• **Directions for this task**
In the records below, repeat word for word only the lines starting at the one that contains "Inmiddels bedrading voor" and ending at the one that contains "Гольфик добре тягнеться, матеріал", pictures excluded.

Excerpted records section start

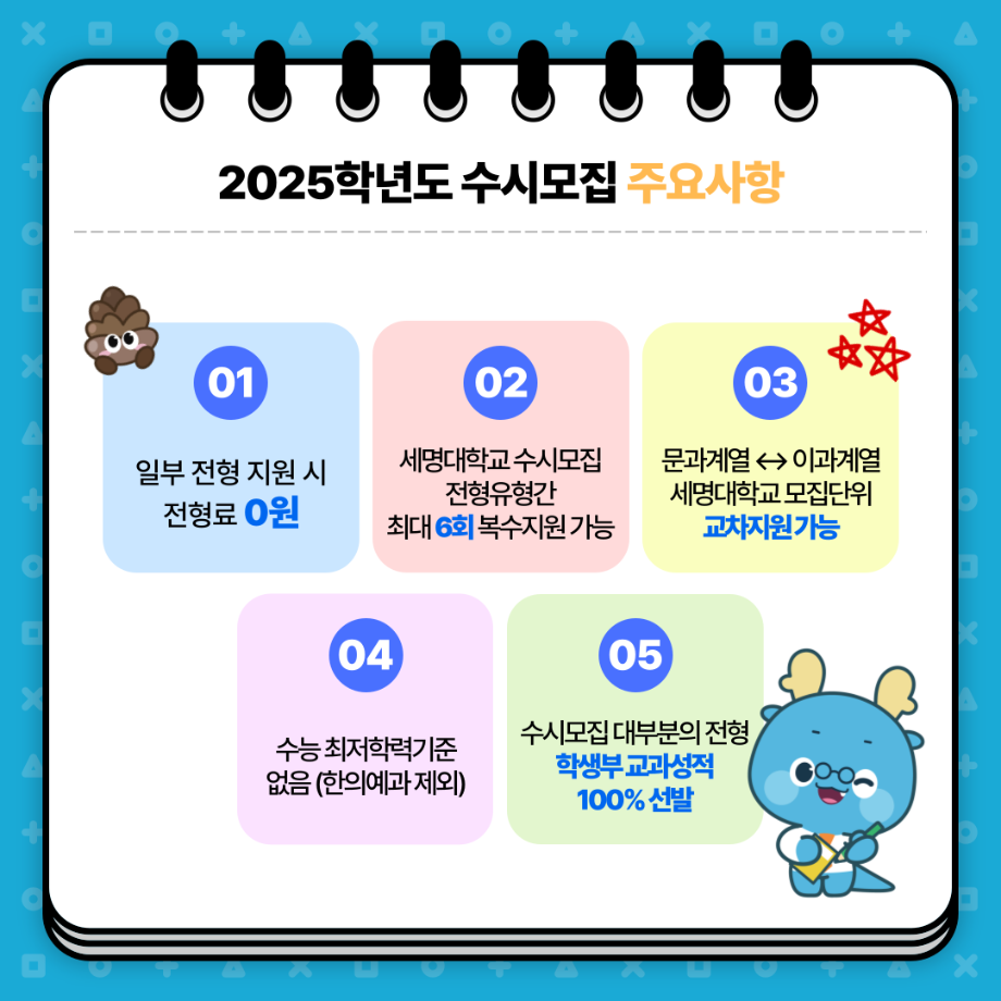 본문 시작 홈으로 MCC News 학과소개 교수소개 학과과정 MCC News MCC SNS 홈페이지가이드 미디어 정보통 학과 및 재학생 교수 및 졸업생 미디어 정보통 미디어 정보통 페이스북 트위터 프린트 📌 세명대학교 2025학년도 수시모집 주요사항 안내 📌 디지털콘텐츠창작학과 1770 2024-08-20 📌 세명대학교 2025학년도 수시모집 주요사항 안내 📌 예비 세명인들 주목~!!🔥 수시모집 주요사항부터 9월, 10월, 11월 일정까지! ✨세명대학교 2025학년도 수시모집 주요사항✨을 안내합니다👏 9월 9일부터 13일! 수시 원서 접수하고 💙재미있는 경험 가득한 세명대💙에서 만나요! 목록 이전2024학년도 2학기 한국장학재단 학자금대출 신청 안내 이전📌재학생맞춤형고용서비스 미래내일일경험 기업탐방캠프 신청 안내🎯 담당부서 : 미디어콘텐츠창작학과 담당자 : - 연락처 : 043-649-1741 최종수정일 : 2024-10-26 만족도조사 만족도 조사 이 페이지에서 제공하는 정보에 대하여 만족하시나요? 매우만족 만족 보통 불만족 매우불만족
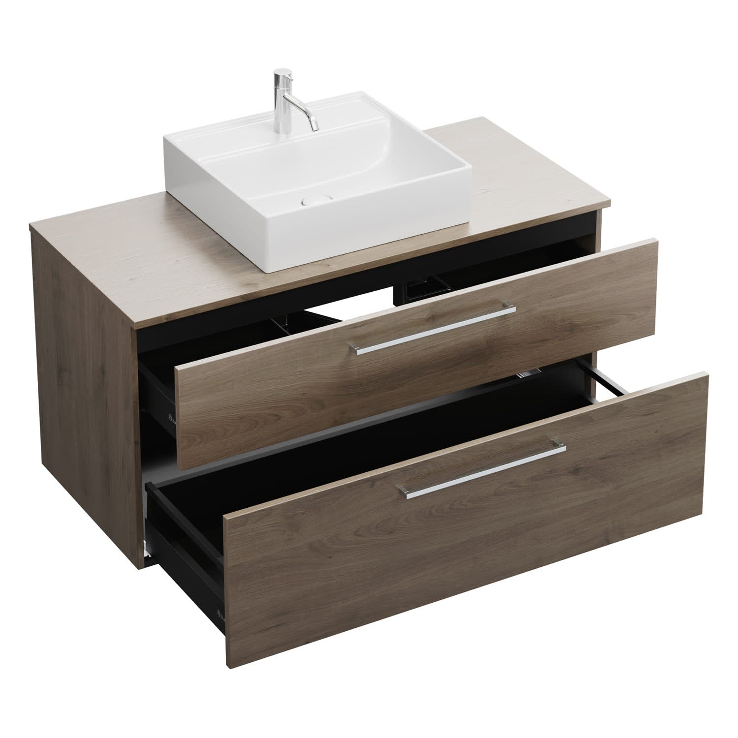 - 1 Schublade oben, 35 cm tief, mit Siphonausschnitt und Inneneinteilung
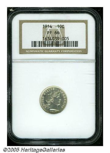<B>1914<10C> PR66 NGC.</B></I> Gorgeous proof example with flashy fields and lightly frosted devices that provide slight contrast. Virtually flawless, and highly attractive Premium Gem. Population: 18 in 66, 9 finer (6/05).
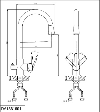 Смеситель для кухни D&K Rhein.Valerius DA1361601 высокий излив хром
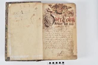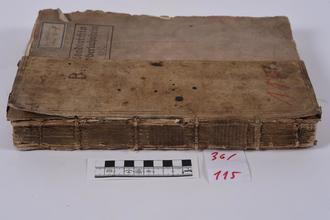 Rücken und vorderer Buchdeckel vor der Restaurierung
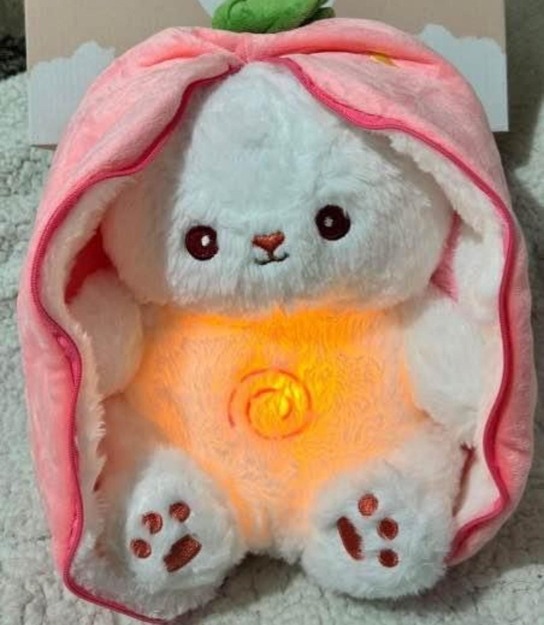 El peluche conejo y zanahoria respira contigo a la vez, ponte cerca y siente su
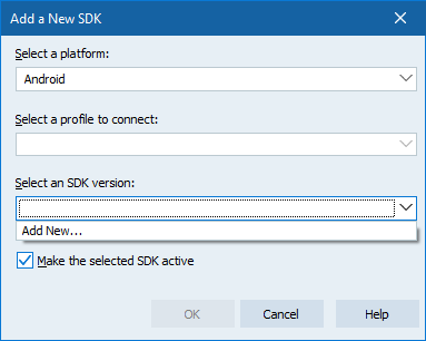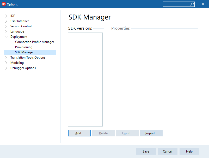 Since we've installed the SDK manually, we need to tell the IDE where to find it. This is really simple. Go into Tools ? Options ? Deployment ? SDK Manager (or just use the IDE search for SDK Manager) and add a new SDK entry.
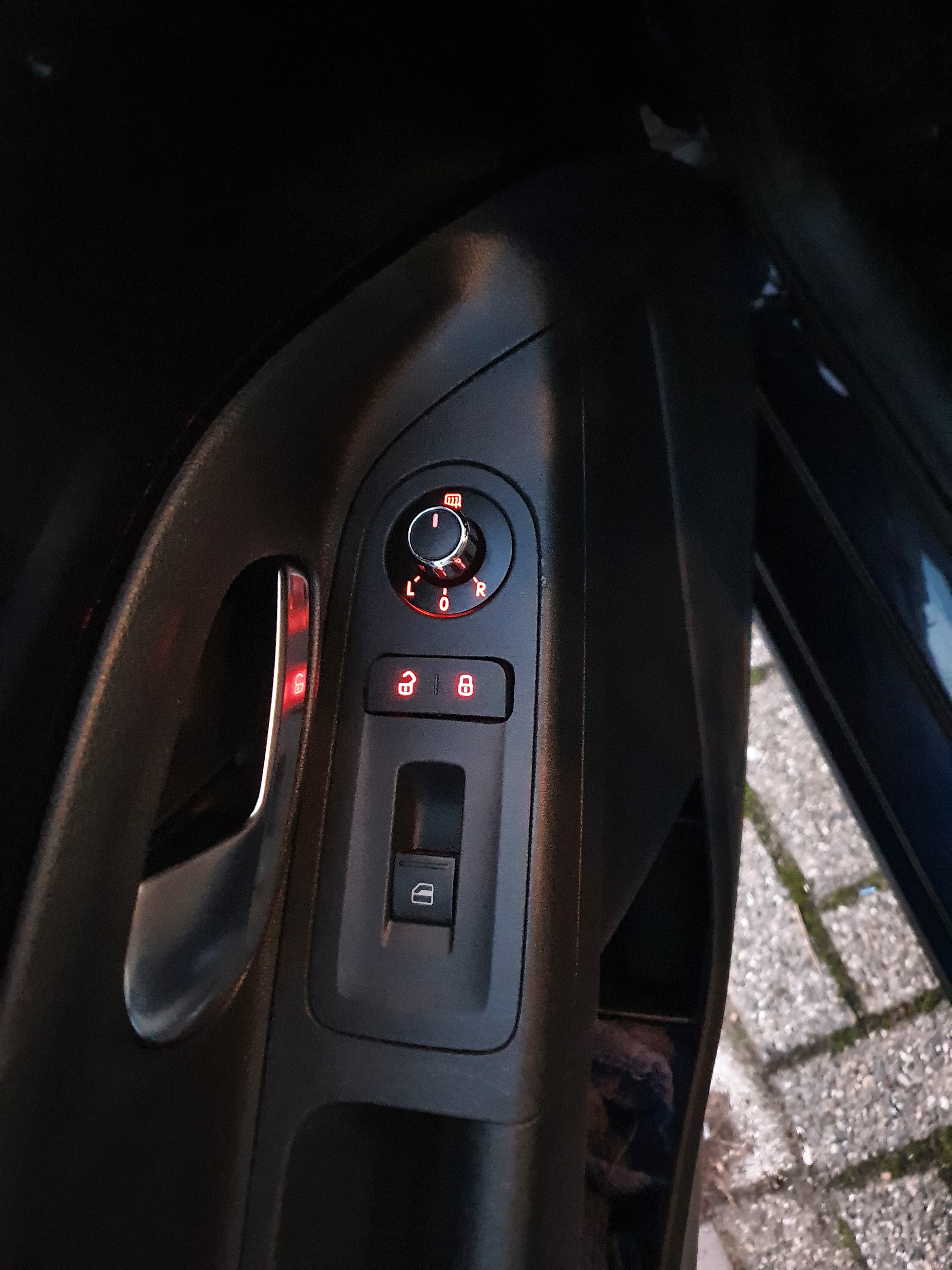 Inmiddels bedrading voor knoppenverlichting en knipperlicht spiegels gelegd in beide deuren en in auto, en eerste knopje met verlichting geplaatst.
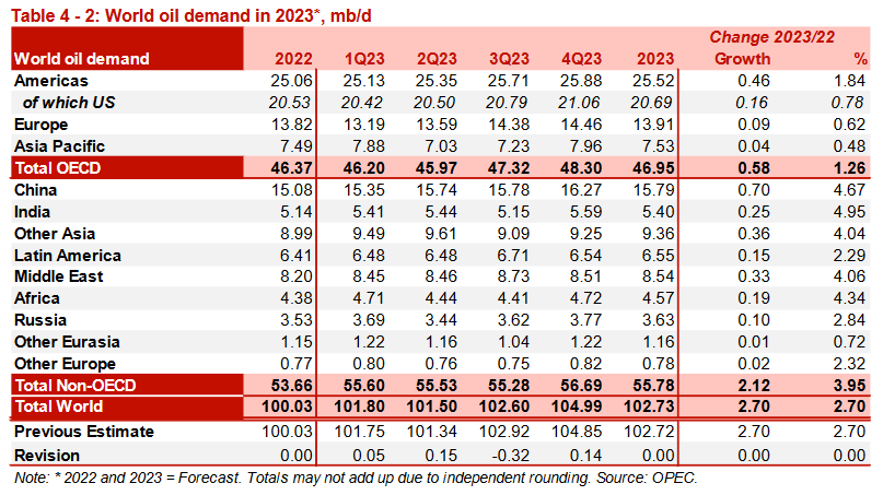 В 2023 году ожидания мирового экономического роста в сочетании с улучшениями в сдерживании распространения COVID-19 в Китае приведут к росту потребления нефти. Прогноз спроса на 2023 год остается на уровне 2,7 млн б/д, не изменившись по сравнению с последним отчетом, и достигнет 102,73 млн б/д. Ожидается, что в странах ОЭСР спрос на нефть вырастет на 0,6 млн баррелей.
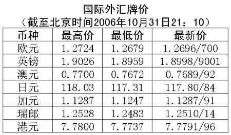 根據(jù)中國人民銀行授權(quán)中國外匯交易中心發(fā)布的公告,2006年10月31日銀行間外匯市場美元等交易貨幣對人民幣匯率的中間價為:1美元兌人民幣7.8792元,1歐元兌人民幣10.0168元,100日元兌人民幣6.6983元,1港元兌人民幣1.01335元,1英鎊兌人民幣14.9681元。
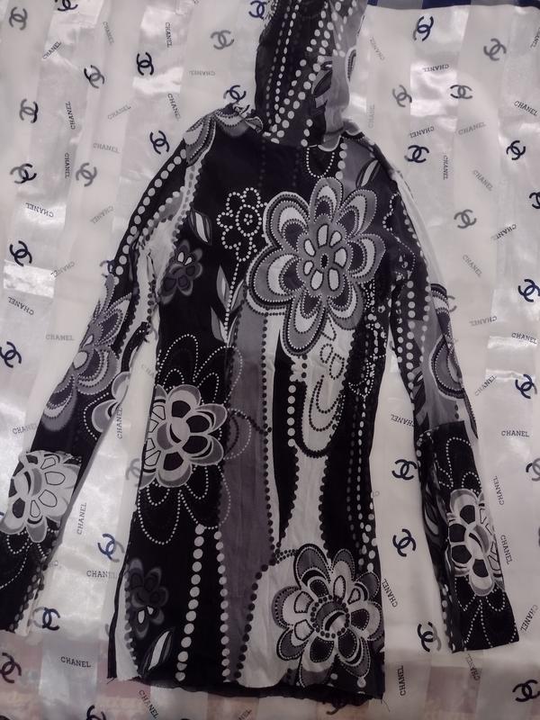 Гольфик добре тягнеться, матеріал - стрейчева дуже дрібна сіточка. Зверху - тканина з малюнком, знизу - чорна.
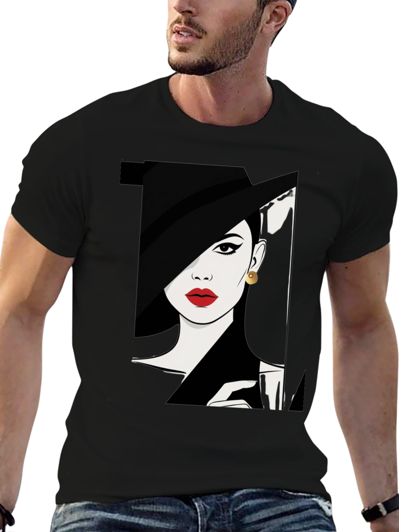 Embrace timeless elegance with this stylish black t-shirt featuring a striking graphic of a woman reminiscent of Audrey Hepburn. The design showcases a classic aesthetic with a black hat, bold red lips, and minimalist details. Made from a soft, comfortable fabric, this tee offers a relaxed fit suitable for everyday wear. Perfect for casual outings, movie nights, or adding a touch of sophistication to your wardrobe. Pair it with jeans or a skirt for a chic, effortless look. Show off your appreciation for iconic fashion with this eye-catching statement piece!
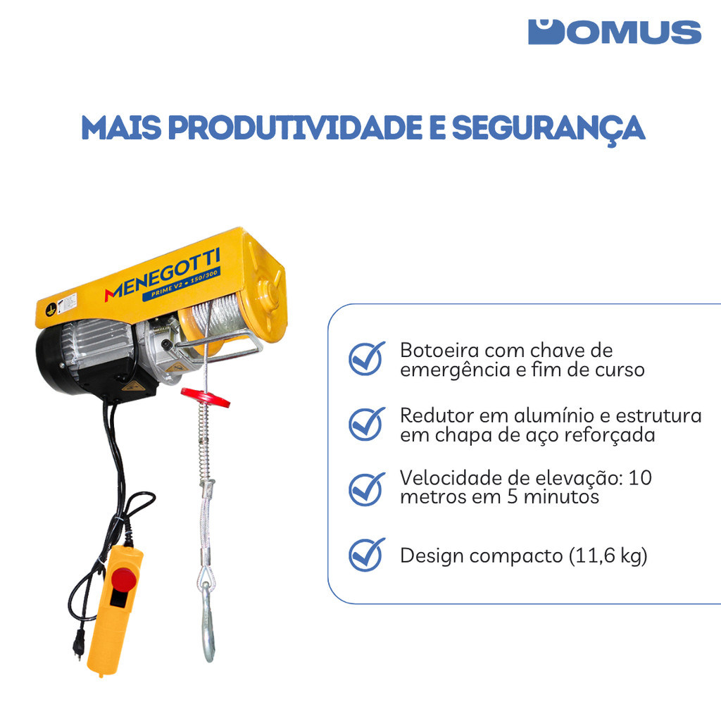 Guincho Elétrico De Coluna Prime V2 150|300 Kg Menegotti

Excerpted records section end

• **Solution for this problem**
 Inmiddels bedrading voor knoppenverlichting en knipperlicht spiegels gelegd in beide deuren en in auto, en eerste knopje met verlichting geplaatst.
 В 2023 году ожидания мирового экономического роста в сочетании с улучшениями в сдерживании распространения COVID-19 в Китае приведут к росту потребления нефти. Прогноз спроса на 2023 год остается на уровне 2,7 млн б/д, не изменившись по сравнению с последним отчетом, и достигнет 102,73 млн б/д. Ожидается, что в странах ОЭСР спрос на нефть вырастет на 0,6 млн баррелей.
 根據(jù)中國人民銀行授權(quán)中國外匯交易中心發(fā)布的公告,2006年10月31日銀行間外匯市場美元等交易貨幣對人民幣匯率的中間價為:1美元兌人民幣7.8792元,1歐元兌人民幣10.0168元,100日元兌人民幣6.6983元,1港元兌人民幣1.01335元,1英鎊兌人民幣14.9681元。
 Гольфик добре тягнеться, матеріал - стрейчева дуже дрібна сіточка. Зверху - тканина з малюнком, знизу - чорна.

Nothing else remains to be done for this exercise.